You’ve created two CBS hits, co-created the already legendary Lost and turned a classic horror film into a critically acclaimed series. How do you follow that up? With a Jack Ryan TV reboot for Amazon.

- Jack Ryan

Cuse Control

IT WAS 1982 WHEN CARLTON CUSE MOVED TO LOS ANGELES WITH THE IDEA OF BECOMING a screenwriter. “I thought, I’ll give it a shot; if it doesn’t work out, I’ll go to law school.”

Television wasn’t in his plans. “The gloss of the film business was much higher then,” he says. “Of course, now TV has become the home for really great dramatic storytelling. I recently had the president of a studio tell me that they can’t find any good writers for movies. They’re all working in TV.”

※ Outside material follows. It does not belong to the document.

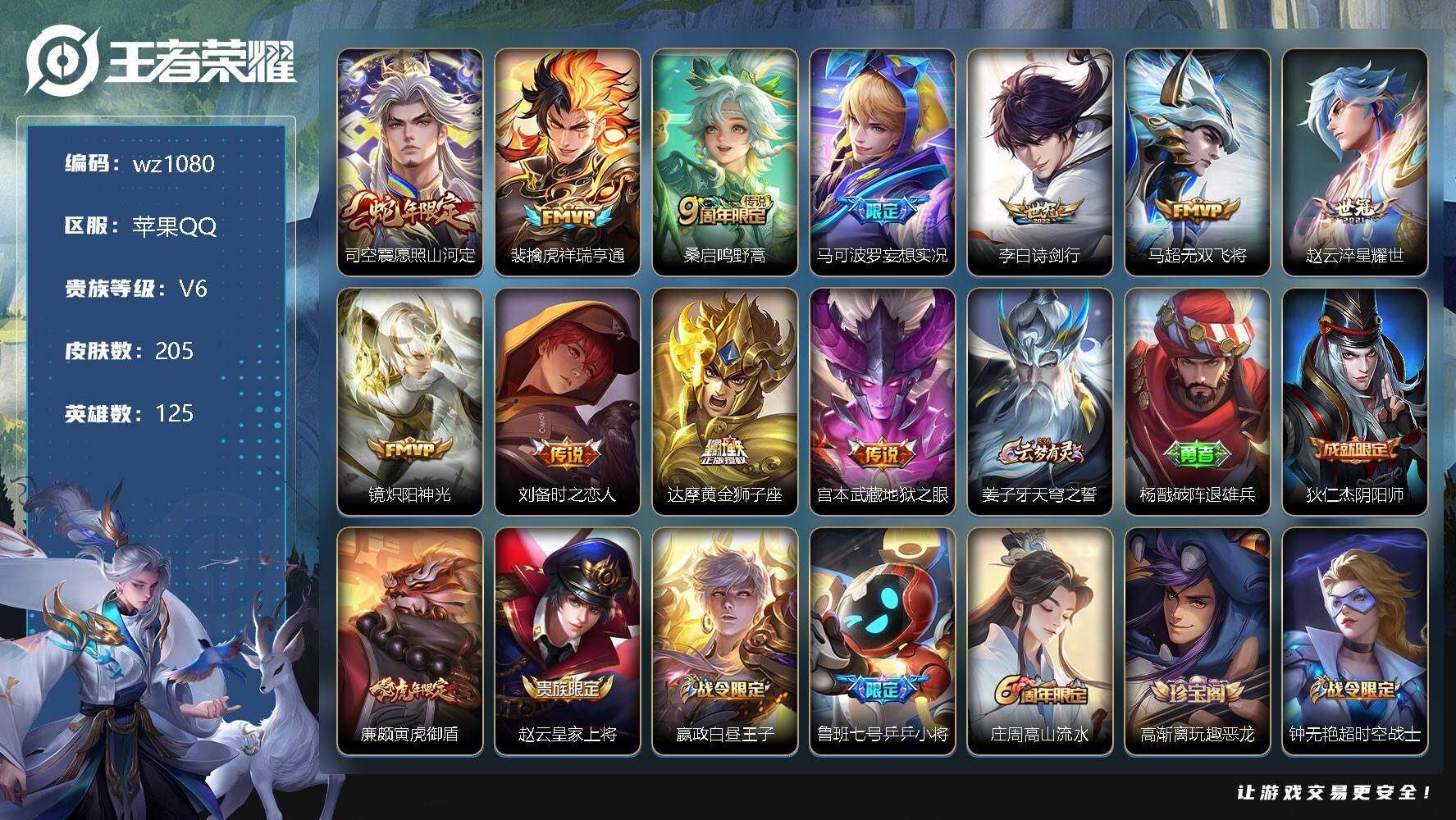 【账号佳】 【可二次实名】【wz1080】【商品标题】:苹果Q-V6-最强王者段位-125英雄-205皮肤-0典藏-0珍品无双-0无双-0珍品传说-11传说-58史诗 【传说皮肤】:司空震愿照山河定,裴擒虎祥瑞亨通,桑启鸣野蒿,马可波罗妄想实况,李白诗剑行,马超无双飞将,赵云淬星耀世,镜炽阳神光,刘备时之恋人,达摩黄金狮子座,宫本武藏地狱之眼 【限定皮肤】:姜子牙天穹之誓,杨戬破阵退雄兵,狄仁杰阴阳师,廉颇寅虎御盾,赵云皇家上将,嬴政白昼王子,鲁班七号乒乒小将,庄周高山流水,高渐离玩趣恶龙,钟无艳超时空战士,芈月白晶晶,元歌无心,甄姬落雪兰心,马可波罗妄想实况,狄仁杰魔术师,狄仁杰万华元夜,项羽海滩派对,李元芳匿光侦查者,李元芳云中旅人,雅典娜黎明之约,鬼谷子原初探秘者,鬼谷子五谷丰年,弈星混沌棋,明世隐疑决卦,裴擒虎李小龙,裴擒虎擒涛扼浪,嫦娥暖冬兔眠,西施玲珑珍味,鲁班大师探海日志,桑启海盐诗旅,暃星界游侠,戈娅驭风魔法,阿古朵江河有灵,张良古海寻踪,高渐离燃音魔法,妲己灵卜魔法,鬼谷子天穹祈灯,姬小满妄想食味,沈梦溪龙舞盛年,鲁班七号蔬乡物语,李元芳蔬乡物语,刘邦剑破天穹,程咬金群星魔术团,刘备异域游侠 【年限皮肤】:廉颇寅虎御盾 【赛季限定】:狄仁杰万华元夜,张良古海寻踪,李元芳云中旅人,雅典娜黎明之约,鬼谷子原初探秘者,弈星混沌棋,明世隐疑决卦,裴擒虎擒涛扼浪,鲁班大师探海日志,桑启海盐诗旅,鬼谷子天穹祈灯,刘邦剑破天穹,姜子牙天穹之誓 【战令限定】:嬴政白昼王子,钟无艳超时空战士,甄姬落雪兰心,嫦娥暖冬兔眠,西施玲珑珍味,暃星界游侠,戈娅驭风魔法,高渐离燃音魔法,妲己灵卜魔法,鲁班七号蔬乡物语,李元芳蔬乡物语 【史诗皮肤】:项羽苍穹之光,赵云皇家上将,赵云未来纪元,甄姬冰雪圆舞曲,王昭君偶像歌手,狄仁杰魔术师,宫本武藏鬼剑武藏,孙尚香水果甜心,嬴政摇滚巨星,妲己魅力维加斯,墨子金属风暴,吕布圣诞狂欢,曹操幽灵船长,李白千年之狐,张飞乱世虎臣,花木兰水晶猎龙者,刘邦德古拉伯爵,夏侯惇乘风破浪,小乔缤纷独角兽,兰陵王暗隐猎兽者,亚瑟心灵战警,安琪拉心灵骇客,百里守约特工魅影,铠曙光守护者,蔡文姬舞动绿茵,李元芳逐浪之夏,程咬金功夫厨神,白起星夜王子,阿轲节奏热浪,嬴政白昼王子,孙策猫狗日记,伽罗箭羽风息,狄仁杰鹰眼统帅,橘右京修罗,裴擒虎李小龙,芈月白晶晶,百里玄策热力回旋,蒙犽龙鼓争鸣,鲁班七号乒乒小将,庄周高山流水,司马懿暗渊魔法,雅典娜黎明之约,廉颇寅虎御盾,貂蝉唤灵魅影,钟无艳超时空战士,鬼谷子五谷丰年,元歌无心,暃星界游侠,镜玫瑰异探,戈娅驭风魔法,李元芳匿光侦查者,阿古朵江河有灵,妲己灵卜魔法,高渐离燃音魔法,姬小满妄想食味,鲁班七号蔬乡物语,牛魔星界战将,后羿石田雨龙,黄忠百相守梦 【其他皮肤】:项羽海滩派对,韩信教廷特使,韩信街头霸王,露娜哥特玫瑰,赵云忍炎影,芈月红桃皇后,白起白色死神,牛魔西部大镖客,扁鹊化身博士,扁鹊救世之瞳,宫本武藏未来纪元,安琪拉玩偶对对碰,孙膑天使之翼,典韦黄金武士,亚瑟死亡骑士,达摩拳王,花木兰兔女郎,张飞五福同心,甄姬花好人间,刘备万事如意,宫本武藏万象初新,狄仁杰阴阳师,刘备纽约教父,刘备汉昭烈帝,关羽龙腾万里,钟无艳海滩丽影,狂铁命运角斗场,老夫子功夫老勺,诸葛亮掌控之力,鬼谷子幻乐之宴,苏烈坚韧之力,大乔守护之力,明世隐虹云星官,小乔丁香结,吕布野性能量,孙膑归虚梦演,高渐离玩趣恶龙,沈梦溪鲨炮海盗猫,弈星混沌棋,哪吒次元突破,明世隐疑决卦,盾山圆桌骑士,狂铁特工战影,鬼谷子原初探秘者,狄仁杰万华元夜,刘禅秘密基地,盘古重装意志,鲁班大师乓乓大师,程咬金无双福将,蒙恬蔚蓝守将,甄姬落雪兰心,李元芳云中旅人,桑启海盐诗旅,嫦娥暖冬兔眠,海月幻泉雾影,猪八戒潮玩探月行,白起乐园追猎者,赵怀真太极少年,裴擒虎擒涛扼浪,太乙真人劲辣红锅,鲁班大师探海日志,西施玲珑珍味,姬小满零食大作战,李元芳妄想特派,张良古海寻踪,钟无艳聚星闪耀,海月王牌新星,亚连破局者,鬼谷子天穹祈灯,妲己灵卜魔法,海诺时空谍影,朵莉亚金色潮汐,廉颇功夫炙烤,亚瑟鸿运当头,沈梦溪龙舞盛年,钟无艳春野之旅,李元芳蔬乡物语,刘邦剑破天穹,程咬金群星魔术团,大司命暗都幽影,刘备异域游侠,杨戬破阵退雄兵,姜子牙天穹之誓,盘古敬我三分,东皇太一噬灭天穹,干将莫邪雾都夜雨,苍苍林狼骑,太乙真人谧流熔炉,典韦铁骨偃魂,西施雪境奇遇,姜子牙星梦巡礼,明世隐景韶洛都,戈娅玫蓝誓约,钟馗虚灵犬护,苏烈春野闲踪,张良灵野札记,阿古朵布丁狗之约,姬小满小满鸭,白起死霸装,甄姬逆浪荇歌,云中君云械蓝图,庄周锦麟游梦,空空儿戏梦巡演,莱西奥踏浪烽翎,鬼谷子克喵,钟无艳生化警戒,貂蝉异域舞娘,花木兰剑舞者,老夫子潮流仙人,小乔万圣前夜,孙悟空西部大镖客,
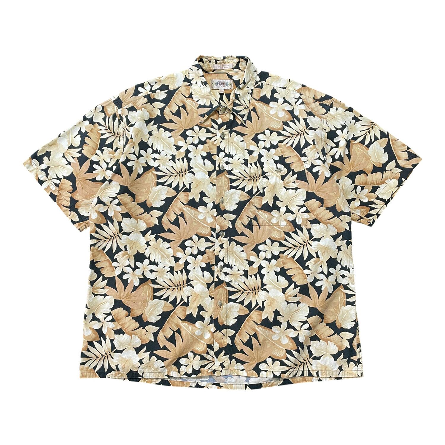 USA 古着 CAMPIA MODA カンピア モダ コットン アロハシャツ ハワイアンシャツ リーフ フラワー柄 メンズXL ブラック BF3458

Cuse’s “graduate school for screenwriting” came from working with Jeffrey Boam, who wrote Lethal Weapon 2 and and Indiana Jones and the Last Crusade. At night, he drafted his own scripts, all of which went nowhere. “I had read about Larry Kasdan’s seven unproduced scripts before he an incredible run that included Body HeatGrand Canyon, The Big Chill, The Empire Strikes Back and Raiders of the Lost Ark,” says Cuse. “That inspired me to keep going, to put in the hours to achieve some level of craftsmanship.”

A writing break came via a friend, who offered him two scripts for the TV series Crime Story, created by Michael Mann (Miami Vice, Heat). It was the beginning of a career that, 32 years later, includes co-creating Lost—widely considered among the greatest television shows ever.

His own favorite series is The Sopranos: “I’m in awe of it. David Chase has an unparalleled ability to weave the hilariously funny with the deadly series, to deftly mix the crime genre with family drama. If I need a creative jump start, I watch an episode. It reminds me: This is why you work as hard as you do.”